Professor Miller pointed to a revealing historical contrast. “A conservative Queensland government ran needle exchanges through Sister Angela Mary Doyle,” he said. “They were socially pragmatic. The role of science in public policy was easier to prosecute back then.” He argued that rebuilding public sector policy capacity, something both state and federal governments have recently signalled commitment to, offers the most realistic path forward.
Thirty Years of Drug Use Monitoring in Australia Worth Protecting
It is easy to lose sight of what has actually been achieved. When the Hawke government came to power in the 1980s, ministers initially leaned towards a US-style drug war, built on zero tolerance and abstinence. A visit to New York changed things. Parts of that city carried HIV transmission rates comparable to sub-Saharan Africa, with almost no needle exchange infrastructure. The harm reduction approach Australia adopted in response put the country among the world leaders in evidence-based drug policy and helped build institutions like the Kirby Institute.
Thirty years of drug use monitoring in Australia sat underneath all of that, providing the intelligence that shaped funding decisions and public health responses at every step.
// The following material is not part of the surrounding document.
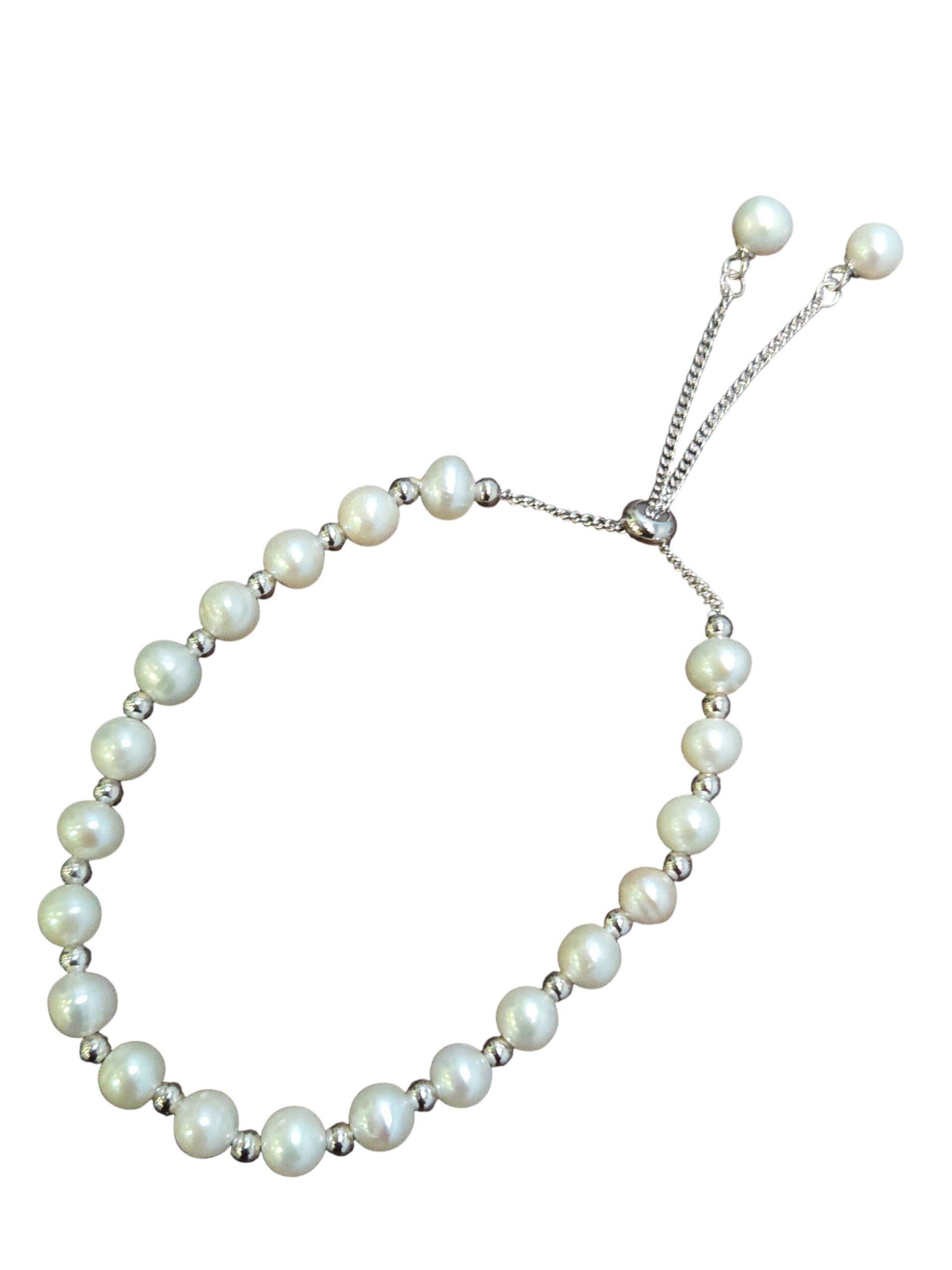 This pearl bracelet has small silver beads between each white fresh water pearl. The bracelet adjusts with a slider bead to fit most woman. All metal is sterling silver. Each fresh water pearl is approximately 5 MM across, for a petite look.
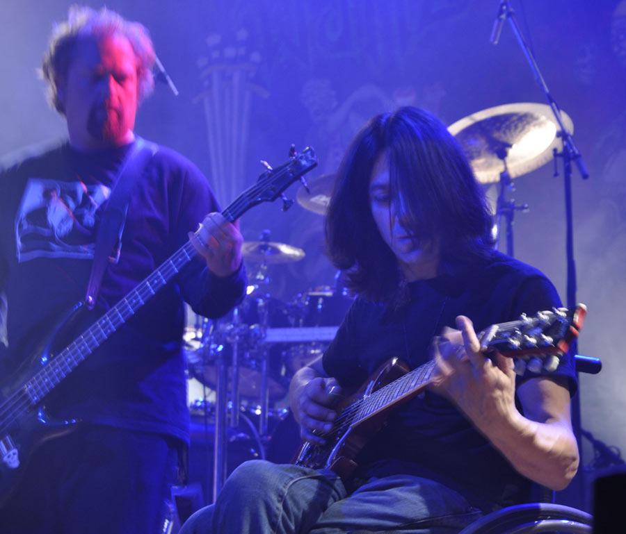 Im Vergleich gerät der Auftritt von PSYCHOTIC WALTZ zu einem Quantensprung, und zwar in mehrfacher Hinsicht: Nicht nur, dass die Herren um Devon Graves ihren Vorgruppen eine Lehre erteilen - nein, mit einem Schlag sieht man auch alle höher-schneller-weiter-Truppen zu Staub verfallen, die sich am Rande des Genres eingenistet haben und musikalische Klasse für sich beanspruchen wollen. Hier ist sie wieder, die alte Schule des Progressive Metal, für dessen Kreativität sich andere die Daumen abscheiden und trotz fehlender Superlative in puncto Geschwindigkeit auch den Rest ihrer Gliedmaßen brechen würden. Mit Ur-Basser Ward Evans war es klar, dass "Bleeding" kaum bedacht werden sollte. "Morbid" allein muss es richten, doch bei verhältnismäßig kurzer Spielzeit sind keine Abstriche zu verzeichnen. Wir reden hier schließlich in erster Linie über "A Social Grace" und "Into the Everflow", Alben mit wie in Stein gemeißelten Songs, deren Highlights in dieser Position unmöglich alle dargeboten werden können. Dazu stellt Graves nach dem Gig eine Headlinertournee nebst neuem Album in Aussicht, was man ihm eingedenk seiner beseelten Performance und mit Hinblick auf den sichtlichen Spaß der geschlossenen Mannschaft sofort abkauft. Ähnlich wie bei DEATH ANGEL musste diese Band wohl eine jahrelange "Reinigung" durchlaufen, um endlich losgelöst von personellen und geschäftlichen Zwängen einfach nur ohne Erwartungsdruck ihrer Musik frönen zu können. Der Altfan dankt es, und die nicht wenigen Neuentdecker kaufen hoffentlich tütenweise die Alben, die ihrerzeit nur einer kleinen Traube Eingeschworener vorbehalten waren. So hippiesk speziell das geniale Gitarrenduo Rock/McAlpin beziehungsweise Graves anmuten, so visionär war und ist der Sound von PSYCHOTIC WALTZ. Obwohl der Rezensent sie zum ersten Mal sieht, scheint es, als seien sie nie in den vorübergehenden Ruhestand getreten. Evans zupft stoisch, die Gitarristen versinken in ihre Akkorde und Leads, und Devon mimt den Zeremonienmeister wie Ian Anderson mit metallischen Genen. Ein Fest!Kult sind NEVERMORE schon lange nicht mehr, waren es auch vielleicht bestenfalls für die ersten zwei, drei Alben, zu deren Zeit echter Metal vorübergehend ein Schattendasein fristete. In jedem Fall aber stellt sich mittlerweile leichte Übersättigung ein, zumal "The Obsidian Conspiracy" als schwacher Abglanz der beiden vorangegangenen Scheiben beziehungsweise von Fronter Danes Soloalbum nur mehr vom gleichen Alten auf niedrigerem Niveau feilbietet. Die Band verblasst zusehends und auch mit Zweitgitarrist Attila, der gute Mine zum bösen Spiel von Obergrantler Warrel macht. Wenn dieser Mensch heute wirklich drogenfrei ist, dann wäre es mit Verlaub zumindest in künstlerischer Hinsicht besser gewesen, er hätte sich weiterhin seinen Ausschweifungen hingegeben. Singen wie auf dem Debüt,

When COVID-19 hit and disrupted both drug markets and harm reduction services between 2020 and 2022, the Drug Trends programme shifted quickly to track what was changing and get that intelligence back to the people making decisions.
What Comes Next for Illicit Drug Trends Surveillance in Australia
The symposium sent emerging researchers away with a clear message: get embedded in the systems that shape policy, build relationships across sectors and communities, and learn to translate data into arguments that land with decision-makers who do not already share your assumptions.
“Governments do not want to invest unless you can demonstrate a return on investment,” said Associate Professor Ali. “We need to be more open and better advocates for that.”
The Drug Trends programme heads into its next 30 years with the same mission it started with: catch shifts in drug use before they turn into crises, keep the surveillance infrastructure running that gives Australia its early-warning edge, and make sure the evidence actually reaches the people who most need to act on it.